A data pipeline is a computing practice where one or multiple datasets are modified through a series of chronological steps. The steps are typically sequential each feeding the next with their amended version of the dataset. Once the data has been through all the steps the pipeline is complete and the resultant data is then written (sent) to a new destination.
All data pipelines need a source of one or multiple datasets. These sources can be simple .csv files, databases, or (with ever-growing usage) cloud-based storage platforms. The source plugs into the pipeline at the beginning and either the entirety of its contents or a subset of its contents are brought forward into the pipeline steps.
Steps can be very simple or very complex, some may require deep logic and high computational power whilst others require, in comparison, very minimal resource. The key benefit to building steps is that they can be changed independently from each other, optimised individually to improve the pipeline as a whole.
Much like the source, the destination is a store of data, often similar to or the same type as the source. The destination is often a larger, aggregated dataset made of up the combined outputs of multiple pipelines and other processes. The destination can be leveraged as a source of data itself feeding newly ‘pipelined’ data into further, deeper pipelines involving processes like statistical modelling and machine learning.
There are no limits to how many pipelines data can go through, the same data can be split through multiple pipelines simultaneously, in parallel, each extracting their own unique insight before being joined back together to create new intelligence for more processing, reporting, or feeding applications.
Within eCommerce companies, data pipelines are very common. In this example, the objective of the sales & marketing team is to understand what digital marketing activity is driving the highest value customers over the last quarter. The company has three separate systems: Google Analytics, Customer Database (CRM), and a Data Warehouse.
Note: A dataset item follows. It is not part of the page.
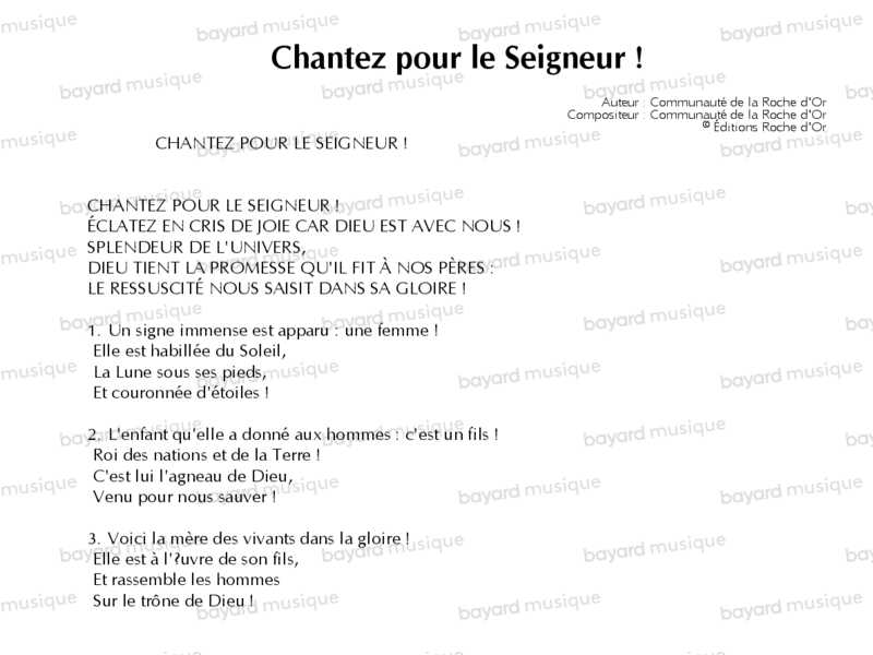 source biblique: Apocalypse chapitre 12, ce chant est conçu pour la fête de l'Assomption.

The team decides to build two sequential data pipelines.
The first data pipeline draws on both Google Analytics and the Customer Database.
Step 1: The web data and the customer data are merged from their two separate datasets into one new table, matching customer IDs captured by Google Analytics with the same customer ID from the CRM.
Step 2: Customers who have no discernable marketing source or campaign attributed to their purchases are removed from the new dataset.
Step 3: Customers who made a purchase but ended up getting a refund that resulted in zero or negative revenue for the company are also removed.
The final ‘purchaser’ dataset with customers and their attributed marketing channels, sources, campaigns are then sent to the Data Warehouse.
The second data pipeline is one of a number of statistical models that will be run on the newly created ‘purchaser’ dataset from the Data Warehouse.
Step 1: Purchasers are run through a simple linear regression model with the ‘customer_revenue’ being examined against the session source, campaign, and demographic factors.
The model data is then pushed back into the Data Warehouse where the mean outputs of the model can be explored by analysts who use the insight to segment and target new prospects and refine their existing customer definitions.
A similar series of pipelines and steps could be used by a wealth management firm to find their customer’s most profitable assets or by a software company to find the most common features used by their most active users.
Big Data Pipelines
The three V’s of Big Data, volume, variety, and velocity bring all sorts of opportunities for data pipelines that come with their own demands on hardware and software alike.
Today, big data analytics engines such as Apache Spark tackle the scaling challenges of volume by distributing large datasets across hardware more efficiently than ever before; allowing even modest servers and PCs to compute truly massive datasets relatively quickly.
Outside a need for better-performing applications, volume of big data has not affected traditional processes nearly as much as the variety and velocity of big data that are pushing for and enabling new heights in data pipeline processing.
The traditional rows and columns of structured data are now becoming increasingly match with unstructured and semi-structured. These new varieties of data introduce complex, multi-relational datasets that quite literally add additional dimensions to the intelligence that can be gathered from step to step.
The new velocities of data refers to a growing demand for real-time analytics. Streaming data is just one method data pipelines have developed to meet the need for real-time data flows. Traditionally, data pipelines run ‘jobs’ at set intervals either triggered manually or automatically using a scheduler. In comparison, data streaming means that new additions to the source data are instantly fed through the pipeline to the destination then leveraged in some way, feeding anything from personalized user interfaces to weather and financial forecasting models.
What does ETL mean?
ETL is a term familiar to techies but hasn’t much resonance in the marketing or wider analytics spheres. The term ETL stands for “extract, transform, load” referring to the movement of data as it’s ‘extracted’ from one system ‘transformed’ (modified) then sent, ‘loaded’ into a destination. Circumstantially a lot of common data pipelines could be referred to as ETL processes though their purpose is often far more analytical, seeking intelligence not just the movement and cleansing of data.
Data pipelines are fast evolving. However, traditional practices are as popular as ever and, with help from new technologies, have remained unfazed despite the introduction of big data. Most companies employing data pipelines aren’t yet using truly 'big data’ but that doesn’t mean they can’t enjoy the speed and power of systems built for more ambitious processing once thought improbable.